Broughton Director of Product Safety and Compliance, Yvonne Wilding, discusses implications of Brexit on the international ENDS market.UK leaving the EU
The UK recently left the EU – so what does that mean for British-based and overseas Electronic Nicotine Delivery Systems (ENDS) manufacturers who have a share of the UK ENDS market?
So far, there have been no significant changes to requirements for product development or sale of ENDS and tobacco products. For medical device purposes, however, Great Britain (GB) now acts independently, separate from Northern Ireland who continue to follow European guidance.
A minor change that has been implemented by the Tobacco Products and Nicotine Inhaling Products (Amendment) (EU Exit) Regulations 2020 is the introduction of a new portal. Manufacturers will now need to notify the Great Britain Domestic System to sell e-cigarettes in GB.
To enter the Northern Ireland market, manufacturers will still need to notify the EU Common Entry Gate system.
In terms of medical device legislation, new EU regulations are due to take effect in May but as GB has left the EU, these changes will not be applicable, and GB will continue to work under the existing medical device directive.
The British government has already announced a new certification scheme that will be introduced, called the UK Conformance Acceptance (CA) mark. Manufacturers will need the UK CA mark to sell ENDS products in the UK. The UKCA pathway was introduced in January 2021 but the EU CE mark will be acceptable for products marketing in UK for some time.
Additionally, the medical device and product approval bill which is currently going through parliament will impact the development of consumer and medical products. However, as it has not yet been passed, this will have no significant impact on manufacturers in the near future.
In terms of product development requirements, it is unlikely that the Medicines and Healthcare products Regulatory Agency (MHRA) will stray from current International Conference for Harmonisation (ICH) guidelines in the short term. However, laws around the sale and marketing of cigarette replacement products may become stricter once reviewed.

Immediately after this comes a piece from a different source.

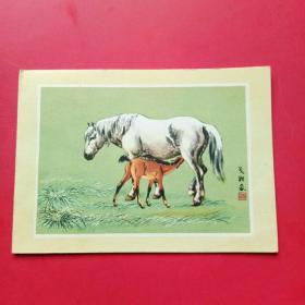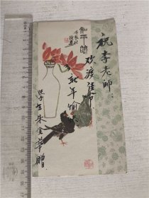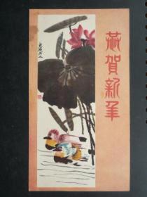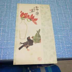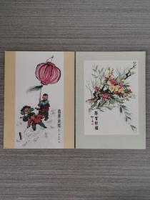 1957年 彩色贺年卡 齐白石作品《恭贺新禧》1957年初版印刷

Both the Tobacco and Related Products Regulations 2016 and Tobacco Products and Nicotine Inhaling Products (Amendment) (EU Exit) Regulations 2020 are also due for review in May this year, however, it is possible that the update will be postponed until 2022 due to the pandemic.
Potential Opportunities for ENDS
Following Brexit, there are several opportunities apparent for ENDS manufacturers based in the UK or selling to the UK market:
- Great Britain can now form legislation that is appropriate for the protection of the public health of Britain
- The British Government is likely to be able to pass new laws quicker than EU’s multiple members who have to gain agreement across multiple member states
- Public Health England’s dedication to reducing cigarette consumption is likely to favour safer alternatives
- British Government’s desire to promote the UK as a great place to do scientific research and development
Advice for ENDS Manufacturers
For medical products, manufacturers should make efforts to engage with MHRA during the product development stage and maintain regular dialogue to understand safety and quality requirements.

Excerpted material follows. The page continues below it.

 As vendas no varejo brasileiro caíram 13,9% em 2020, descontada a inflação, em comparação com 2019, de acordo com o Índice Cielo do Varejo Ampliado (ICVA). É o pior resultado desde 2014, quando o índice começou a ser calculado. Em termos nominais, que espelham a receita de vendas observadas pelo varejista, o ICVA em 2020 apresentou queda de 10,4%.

Manufacturers should also seek to engage a notified body for developing the ENDS device (drug-device combination product). There is a shortage of appropriate notified bodies so if you can recruit one and liaise regularly to align the product components (liquid and device), this will be advantageous for conformance assessments.
Broughton can offer expert guidance to manufacturers during product development and help simplify the regulatory application process. Contact us to arrange a meeting to discuss how we can help you achieve MHRA-compliant products.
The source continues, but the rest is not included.